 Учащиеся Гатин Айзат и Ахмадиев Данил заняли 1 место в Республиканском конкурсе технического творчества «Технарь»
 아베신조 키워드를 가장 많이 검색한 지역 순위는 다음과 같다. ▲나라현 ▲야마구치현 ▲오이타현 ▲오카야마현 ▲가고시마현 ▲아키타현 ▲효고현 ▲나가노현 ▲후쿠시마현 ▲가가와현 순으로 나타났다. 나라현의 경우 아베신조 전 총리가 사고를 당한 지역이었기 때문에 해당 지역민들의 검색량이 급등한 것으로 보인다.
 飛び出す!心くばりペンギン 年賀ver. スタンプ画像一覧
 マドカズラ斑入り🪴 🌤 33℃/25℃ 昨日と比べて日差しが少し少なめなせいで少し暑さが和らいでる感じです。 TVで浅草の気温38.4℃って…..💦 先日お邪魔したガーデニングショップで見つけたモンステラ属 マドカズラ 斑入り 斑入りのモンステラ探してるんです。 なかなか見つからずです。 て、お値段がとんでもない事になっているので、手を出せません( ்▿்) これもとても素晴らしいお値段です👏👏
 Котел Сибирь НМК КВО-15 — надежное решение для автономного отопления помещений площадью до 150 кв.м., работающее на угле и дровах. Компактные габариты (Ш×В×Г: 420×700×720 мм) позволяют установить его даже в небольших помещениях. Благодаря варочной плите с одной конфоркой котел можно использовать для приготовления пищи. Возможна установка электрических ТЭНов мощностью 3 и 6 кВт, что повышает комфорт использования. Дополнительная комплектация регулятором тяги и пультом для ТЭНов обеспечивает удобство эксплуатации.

* * *

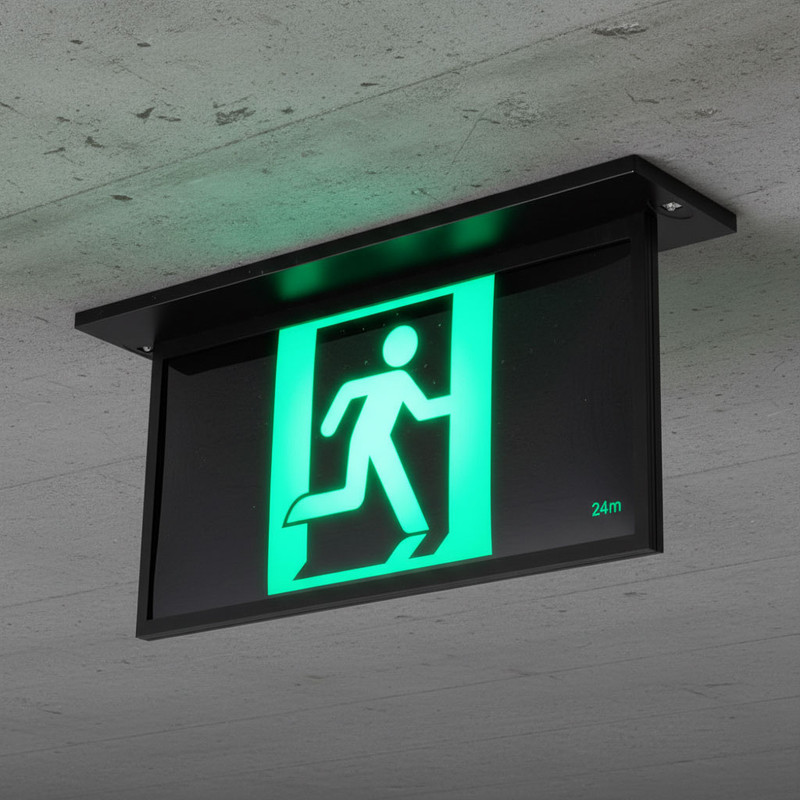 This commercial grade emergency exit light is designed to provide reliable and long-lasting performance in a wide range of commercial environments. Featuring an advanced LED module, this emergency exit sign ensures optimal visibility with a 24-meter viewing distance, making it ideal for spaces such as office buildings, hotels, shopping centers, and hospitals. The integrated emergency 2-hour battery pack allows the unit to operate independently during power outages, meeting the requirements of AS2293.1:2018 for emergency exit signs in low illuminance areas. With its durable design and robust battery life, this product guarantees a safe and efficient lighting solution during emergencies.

* * *

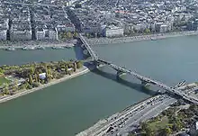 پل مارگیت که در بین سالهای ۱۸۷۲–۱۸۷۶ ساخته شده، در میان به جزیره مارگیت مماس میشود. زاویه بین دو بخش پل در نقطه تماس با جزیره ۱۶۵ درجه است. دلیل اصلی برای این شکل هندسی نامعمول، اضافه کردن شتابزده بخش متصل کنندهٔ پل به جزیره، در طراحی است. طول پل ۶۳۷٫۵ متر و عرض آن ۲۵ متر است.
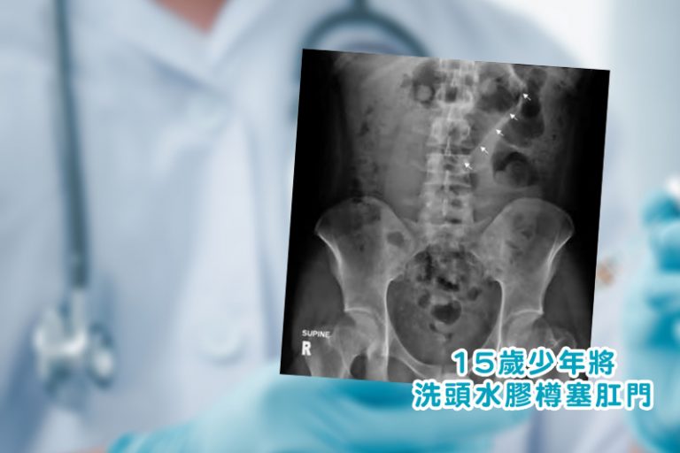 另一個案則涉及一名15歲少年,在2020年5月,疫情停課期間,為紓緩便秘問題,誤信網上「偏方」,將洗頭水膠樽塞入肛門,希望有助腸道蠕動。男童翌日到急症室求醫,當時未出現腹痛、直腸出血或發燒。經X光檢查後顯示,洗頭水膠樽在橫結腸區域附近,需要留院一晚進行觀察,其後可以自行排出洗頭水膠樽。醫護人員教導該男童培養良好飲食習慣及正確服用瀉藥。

§ **Task brief**:
Copy the stretch of the records above that runs from the line with "Учащиеся Гатин Айзат" through the line with "マドカズラ斑入り🪴 🌤 33℃/25℃". Both end lines belong in the copy, and nothing else does.

§ **Solved problem**:
 Учащиеся Гатин Айзат и Ахмадиев Данил заняли 1 место в Республиканском конкурсе технического творчества «Технарь»
 아베신조 키워드를 가장 많이 검색한 지역 순위는 다음과 같다. ▲나라현 ▲야마구치현 ▲오이타현 ▲오카야마현 ▲가고시마현 ▲아키타현 ▲효고현 ▲나가노현 ▲후쿠시마현 ▲가가와현 순으로 나타났다. 나라현의 경우 아베신조 전 총리가 사고를 당한 지역이었기 때문에 해당 지역민들의 검색량이 급등한 것으로 보인다.
 飛び出す!心くばりペンギン 年賀ver. スタンプ画像一覧
 マドカズラ斑入り🪴 🌤 33℃/25℃ 昨日と比べて日差しが少し少なめなせいで少し暑さが和らいでる感じです。 TVで浅草の気温38.4℃って…..💦 先日お邪魔したガーデニングショップで見つけたモンステラ属 マドカズラ 斑入り 斑入りのモンステラ探してるんです。 なかなか見つからずです。 て、お値段がとんでもない事になっているので、手を出せません( ்▿்) これもとても素晴らしいお値段です👏👏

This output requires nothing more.